Scotland made some openings but had no ability to finish the opportunities. Given had some slightly nervous moments in the second, but it was a game that Ireland were just slightly more interested in winning.
Anyway, now that the Nations Cup is done, we can go back to focusing on the real issues. This little tournament has been outperformed in the media by the ruckus surrounding James McCarthy and Anthony Stokes.
The whole situation has made me less enamoured with Trapattoni then I have ever been. He has demonstrated a clear lack of respect for players in the past, but this: threatening those who, following the immediate end of a very stressful football season, don’t want to risk their health in a friendly, is not the mark of a good manager.
McCarthy is just another in a long list of players who Trapattoni is treating like garbage. The man is not a good leader of people. McCarthy and Gibson, men who have turned their backs on their lands of birth to play for Ireland, have been given token places on subs bunches then sent packing back to their clubs. Trapattoni doesn’t go to England to watch matches, he gets into stupid feuds with players and so on and so forth.
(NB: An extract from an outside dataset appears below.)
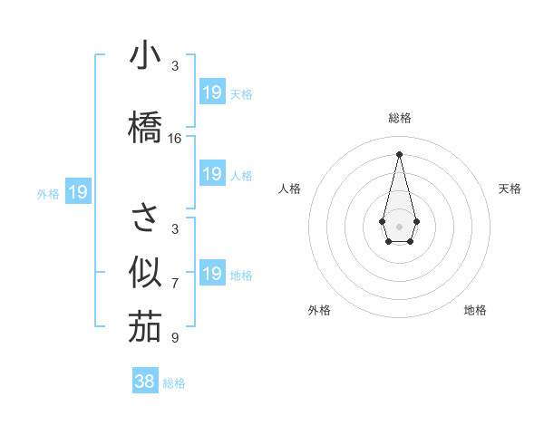 小橋 さ似茄さんの総格は38画の4点!

And the result is a team that has flattered to deceive, outdone in ruthless style by Russia in Dublin. That was the real Ireland, the mediocre side we actually are. It is telling that Robbie Keane, a player who is only in the team because of his past goal scoring record and not because of actual form, is the only member of the current squad to criticise McCarthy and Stokes. Keane knows who his patron is, and knows when to tow the line, but the rest of the squad is clearly not so willing to bend over for a man who could, on a whim, send them into an exile they do not deserve.
Take the case of Ian Harte, performing well in the Championship. There is absolutely no argument that can be made for his exclusion from the Ireland squad that cannot also be made for Robbie Keane. Trapattoni does not want to know.
The game in Skopje, a place that has seen a number of awful results for Ireland, is a big test. Get the win, and Trapattoni will have silenced many critics. Draw, and we’re looking at the same old Ireland, pretending to be happy with shared points.
Lose, and Ireland will be all but done with another campaign, and Trapattoni will have permanently lost his sheen. If Ireland lose, if Keane utterly fails to perform in a competitive game again, if good players like McCarthy look on from the sidelines, if the route one-style that the manager loves doesn’t work again, the voices calling out against Trapattoni will get louder and louder.
Football 10/11 is still not quite done. Ireland play Macedonia on Saturday, which will be part of the last batch of matches of the regular season for most players. Following that, I might be tempted to give a review of the season, a player by player rundown, something like that. We’ll see.